I think you are missing an understanding of how coroutines work, and
what they can do for your code structure.
One rough analogy is that coroutines are to threads what cooperative
multitasking is to pre-emptive multitasking. Clearly, pre-emptive
multitasking and threads have their advantages for many uses - they can
be prioritised automatically, they can run in parallel on different
cores, and they stop bad processes from blocking the system. But
cooperative has its advantages too. They are much easier for
synchronisation and access to shared data - /you/ decide where tasks
block and other tasks can take over, eliminating all sorts of locking
and atomicity issues. They are lightweight, flexible, easy to
understand, and easy (or easier) to debug.
In comparison to asynchronous processes with callbacks, they are easier
to write and clearer to read, while maintaining the lightweight
features. A clear indication is what you see when you write the code.

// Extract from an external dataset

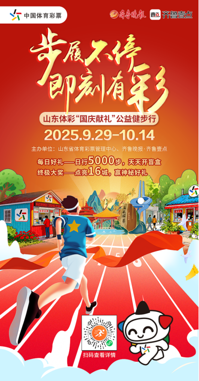 金秋送爽,丹桂飘香,为迎接国庆佳节,积极响应全民健身的号召,山东体彩将携手齐鲁晚报·齐鲁壹点,于9月29日正式启动“国庆献礼”公益健步行活动。本次活动以“步履不停,即刻有彩”为主题,邀请广大市民在云端迈开脚步,用行走感受健康,用步数点亮齐鲁,赢取每日惊喜和终极大奖。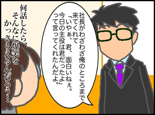 私もよく喋る子で知らないおばさんに抱きつかれて『あなた芸人さん?もう、話聞こえちゃって堪えきれなくて吹き出しちゃった』と言われたことがあるが、あくまで友達との会話程度。私は大勢の前に立つと緊張して喋れない…というか喋れるけど記憶がない状態。

With asynchronous processes with callbacks, you often see a code
structure of a function call with a lambda, which contains a function
call with a lambda, and so on - a new level of indentation for every
step. Your code is one statement - a single function call - that spans
perhaps dozens of lines of highly indented source code. The equivalent
written using coroutines will look like normal, sequential code, and can
contain whatever mix of statements, declarations, comments, etc., that
you like.
So I am looking forward to coroutines. I think it will take a while for
support to mature and be efficient in compilers, but it will give us a
new way to structure code.
Other than that, in C++20 I look forward to concepts and modules. The
spaceship operator will simplify some kinds of classes. Then there are
lots of small but nice features - more constexpr, consteval, etc.
Ranges are another big feature - I don't know quite how well that will
work out, but it is certainly interesting.